A ray of light is made from a mixture of light of different colours. All light travels as waves of energy. You can think of them as moving like the waves called ripples, which move across a puddle when you tap its edge. One property of a wave is its wavelength. This is the distance between two wave crests. The different colours of light have wavelengths of different lengths. Red light has the longest wavelength and violet has the shortest. When the light is travelling through air all the different coloured light waves move along at the same speed. However, when light passes through a prism, it slows down. When light is slowed down like this, its path is bent. This process of bending is called refraction. Light with longer wavelengths is refracted more than light with shorter wavelengths. This means that as the different coloured light waves have different wavelengths, they are refracted by different amounts so that when they leave the prism they have become separate and make a spectrum of seven colours.

How is a rainbow made?
You can sometimes see a rainbow if you stand with your back to the Sun when it is raining. You can also see a rainbow in water coming from a hose or fountain if you have your back to the Sun. When the sunlight passes you and enters the drops of water it is refracted. This makes the seven colours of light pass through the raindrop and strike the other side. When this happens, the light is reflected though the water drop to near where the light entered. As the seven colours of light pass out of the water drop they are reflected again. These processes of refraction and reflection, occurring in millions of raindrops at the same time, produce the colours you see in a rainbow.

Why is the sky blue?
All the colours of light travel together across space from the Sun until they reach the Earth's atmosphere. The Earth's atmosphere is made up of billions of particles of different gases. When the rays of white light reach the atmosphere the blue light is scattered by the particles in the atmosphere and this makes the sky seem blue.

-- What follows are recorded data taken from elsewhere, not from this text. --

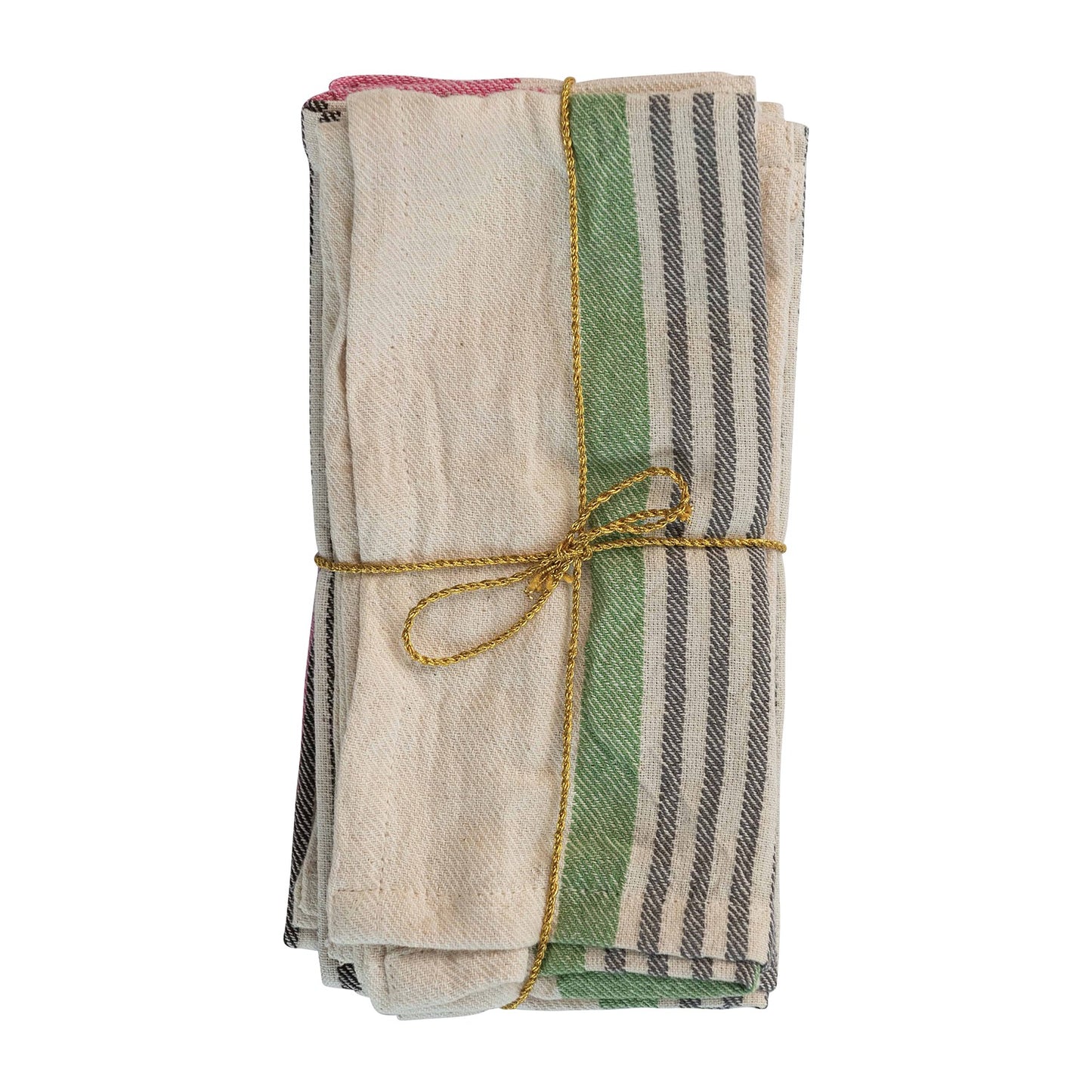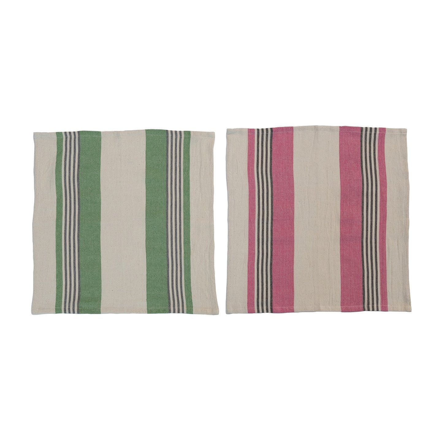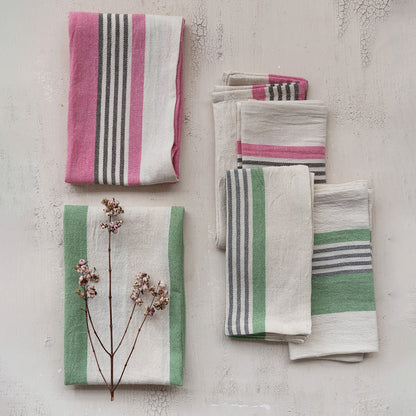 Bring a pop of color to your table with these playful cotton napkins, perfect for everyday use or special occasions. The natural cotton has vibrant stripe of fresh green or bright pink that adds a springtime vibe to any setting.
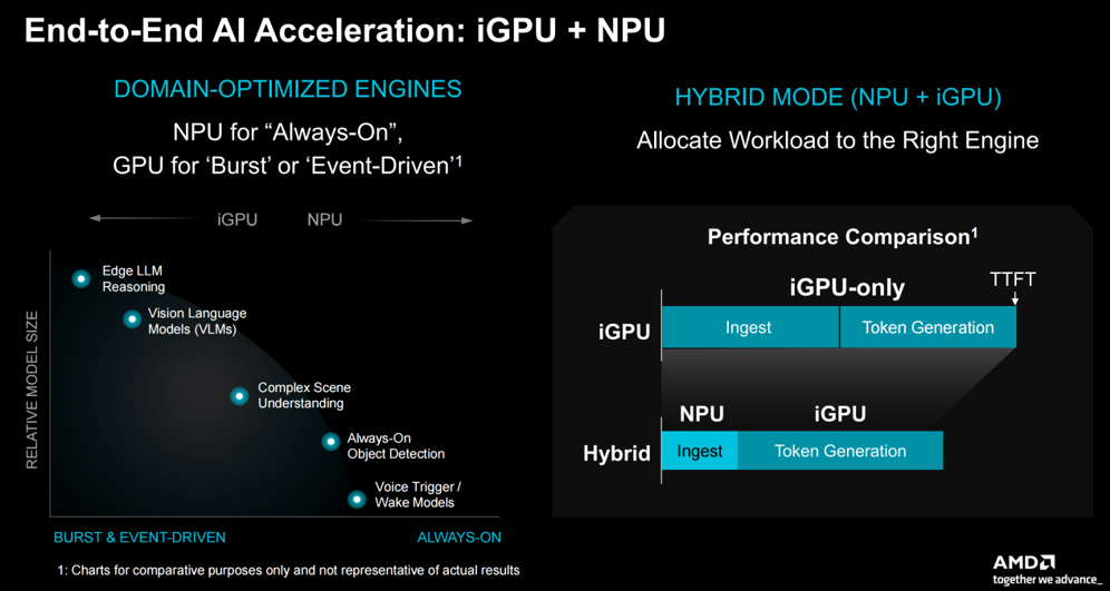 如上所述,和此前发布的P100系列一样,AMD在新发布的系列处理器上依然集成了NPU。在AMD看来,这个由“iGPU+NPU”组成的端到端AI加速器能够根据需要将工作负载分配给合适的引擎,更好地平衡芯片的功耗和性能。
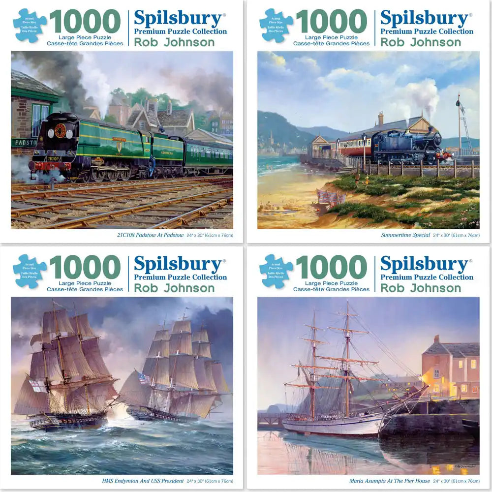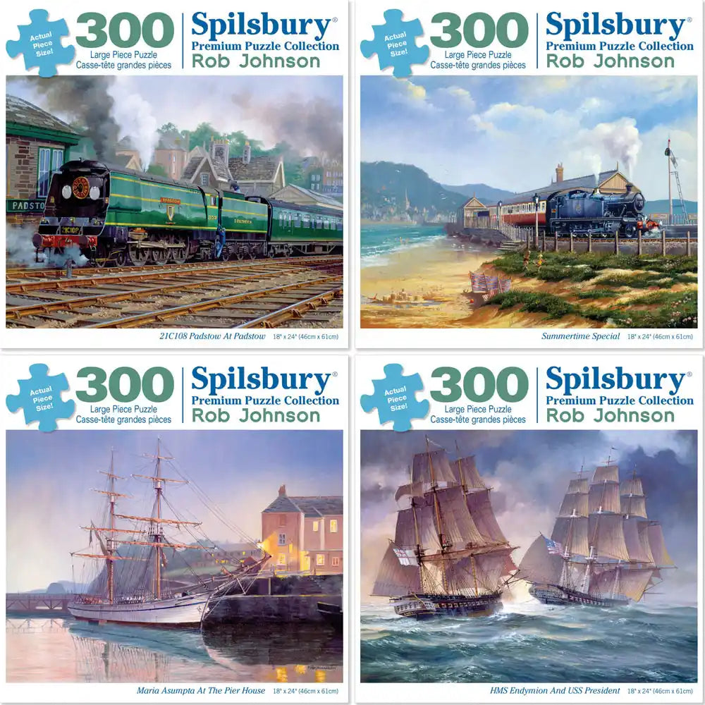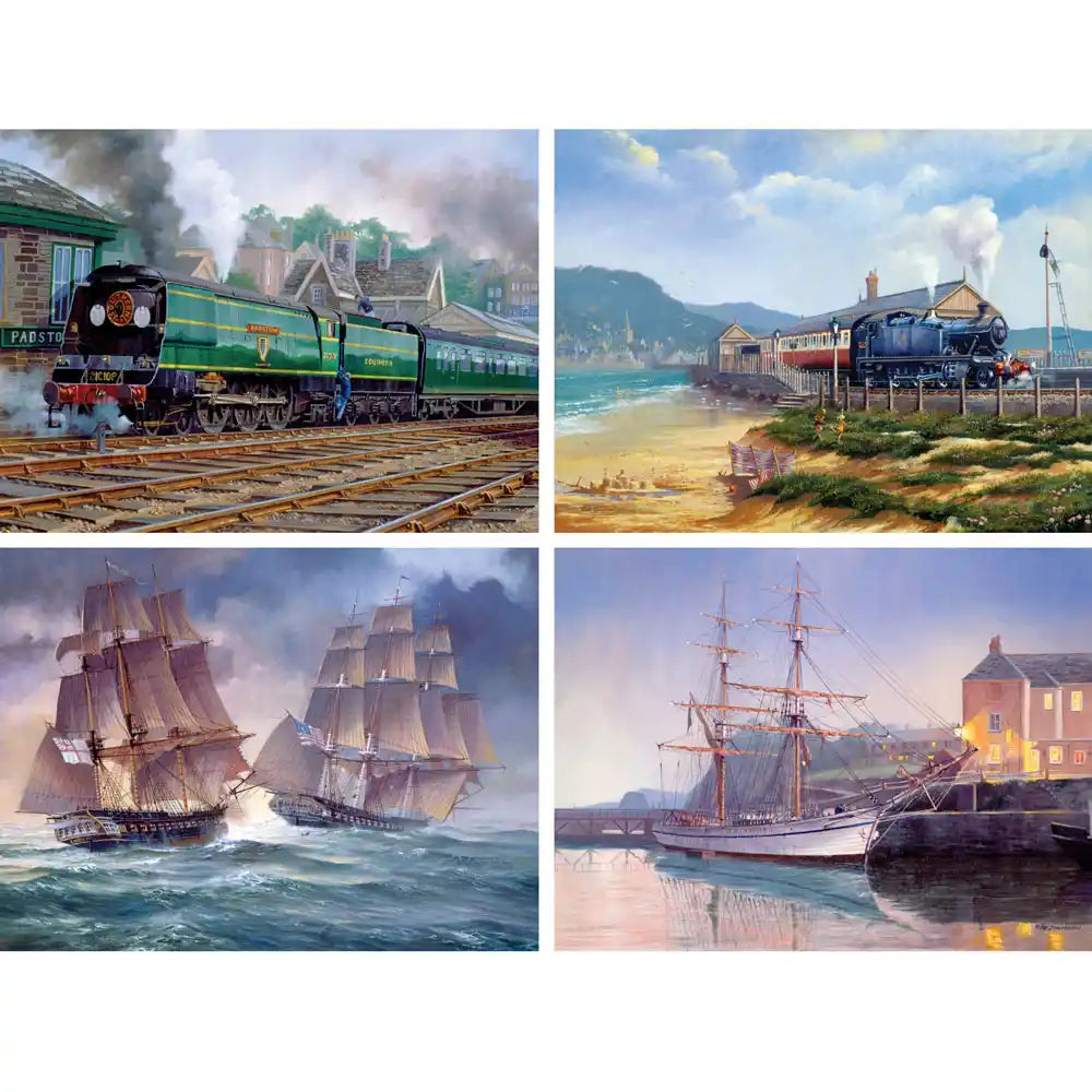 Each puzzle transports you to a different era, from the classic steam locomotives at the station to the majestic ships sailing the high seas. Experience the thrill of a seaside railway adventure, and the charm of historical vessels docked at the pier. Ideal for puzzle enthusiasts who appreciate the romance of travel and history. This captivating set of four puzzles designed by Rob Johnson is available in two piece counts.
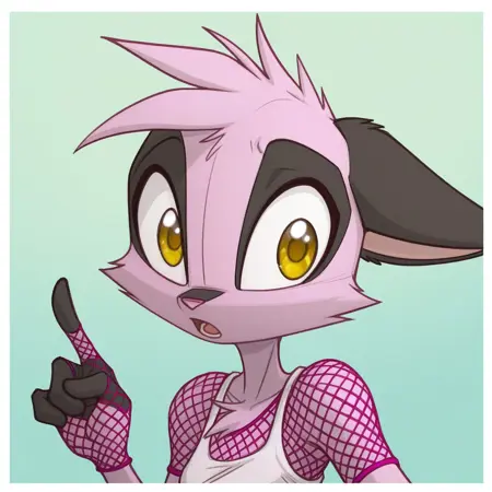 prelude_vi_dk, solo, 1girl, furry, furry female, animal ears, yellow eyes, brown eyes, tail, body fur, animal nose, animal ears, short hair, two-tone fur, pink hair, pink fur, snout
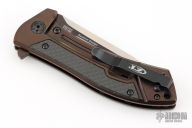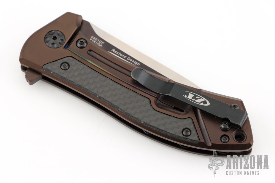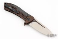 This 0801CF Rexford Limited Edition Copperhead Flipper #0680 has a two-tone satin and black M390 stainless steel drop/spear point blade. Handle is anodized titanium with carbon fiber overlays, black finished stainless steel tip up (RH/LH) clip, and lanyard hole. Includes the original box and papers. Has a couple light scuffs and scratches, Excellent Condition.
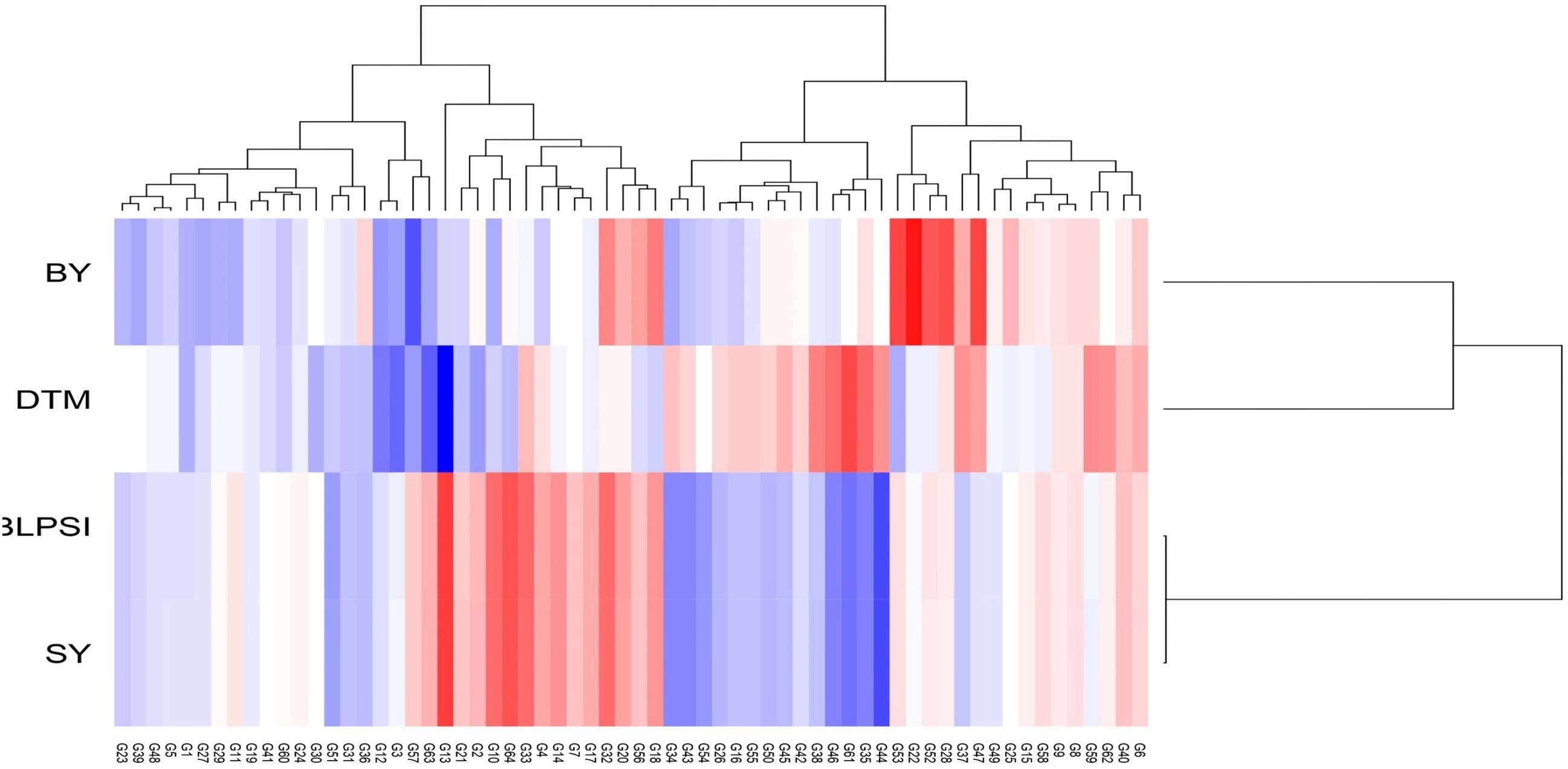 Heatmap with a dendrogram displaying clustered data. Rows represent categories labeled BY, DTM, BLPSI, and SY, while columns are labeled G1 through G35. Colors range from blue to red, indicating varying data values.
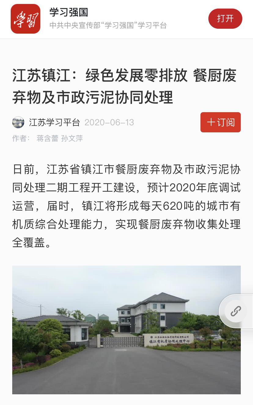 日前,江苏省镇江市餐厨废弃物及市政污泥协同处理二期工程开工建设,预计2020年底调试运营,届时,镇江将形成每天620吨的城市有机质综合处理能力,实现餐厨废弃物收集处理全覆盖。
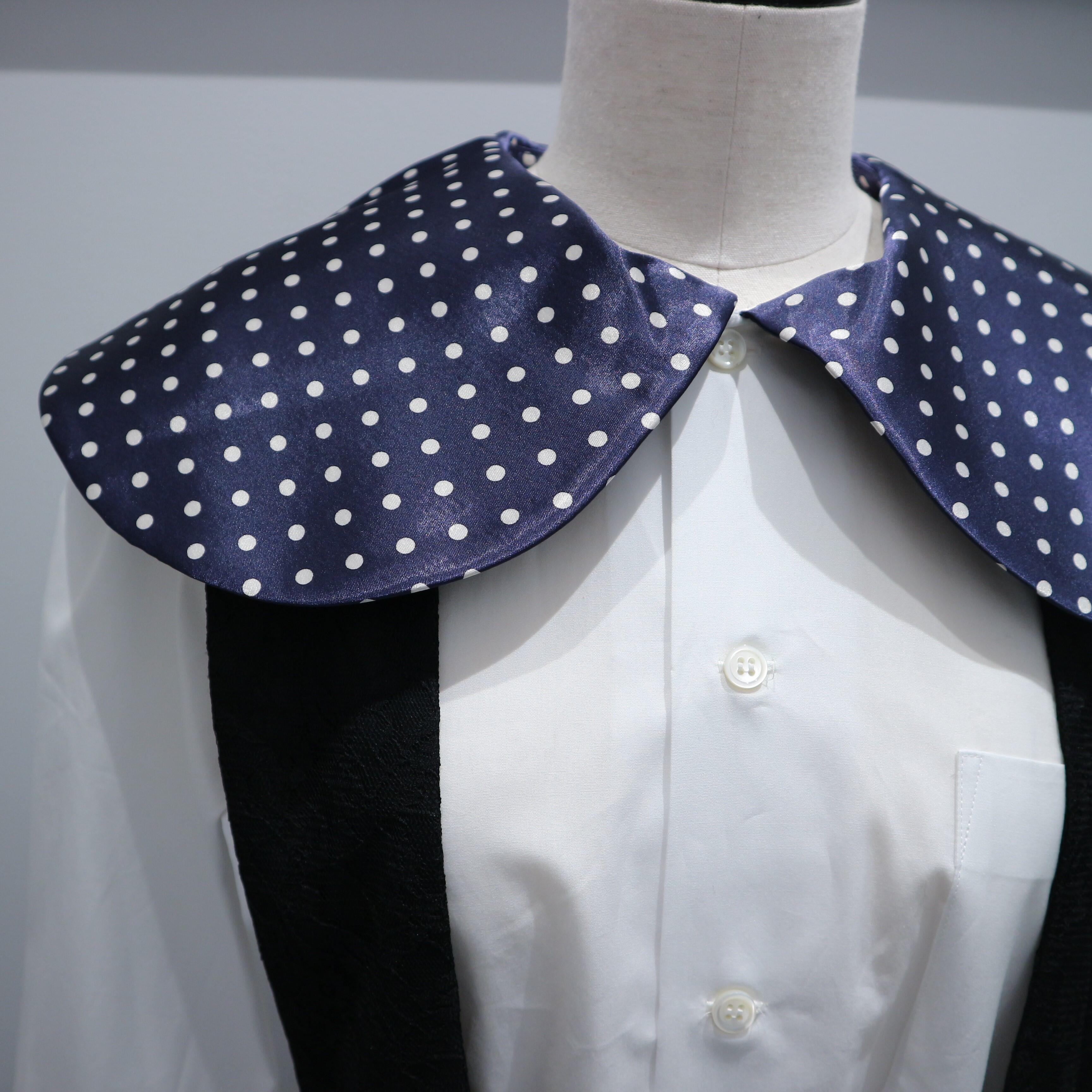 特徴的な丸襟は光沢感のある素材で、可愛らしいドット柄からブランドの雰囲気をしっかり感じられます。
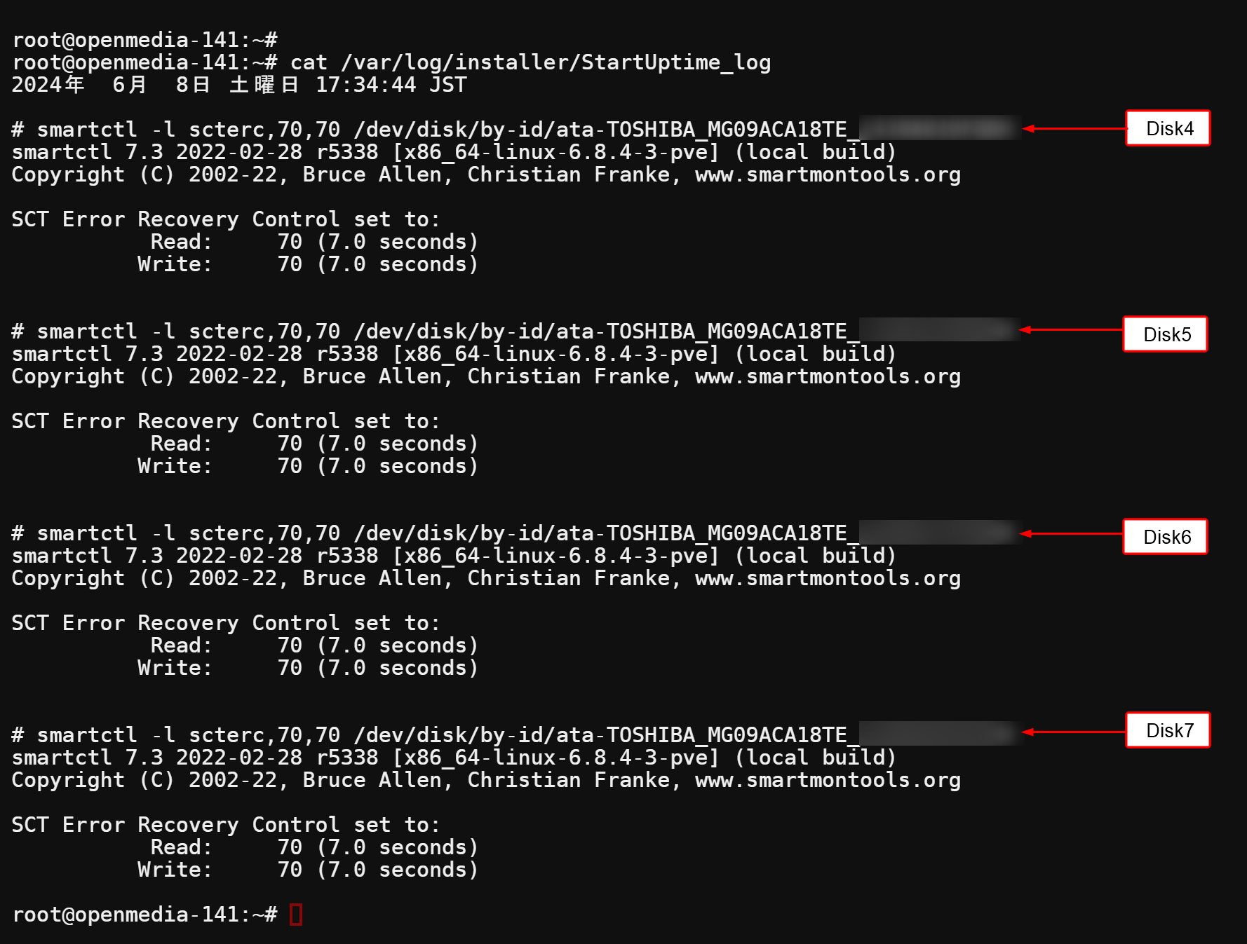 StarUptime.sh に Timeout Mismatch 対策を追加します。Timeout Mismatch の説明は何度もしていますので、OpenMediaVault6 (OMV6) で作る PC2台連携 48TB RAID Z2 システム【Part 1】 を参考にして下さい。StarUptime.sh を

Why does the Sun change colour when it is near the horizon?
The horizon is the place in the distance where the sky meets the surface of the Earth. When the Sun is high in the sky, it shines with a white yellow light. Remember you must NEVER look directly at the Sun, as it will damage your eyes. When the Sun is low in the sky, near the horizon, it shines with a red orange light. This difference is due to the atmosphere. In addition to gas particles the atmosphere also contains huge numbers of dust and smoke particles. These also scatter light. When the Sun is overhead, it shines directly down through the atmosphere but when it is on the horizon it shines through the atmosphere at an angle. This makes the light shine through more of the atmosphere and more light is scattered by the dirt and smoke so that only red and orange light are left to shine directly through and give the Sun its colour.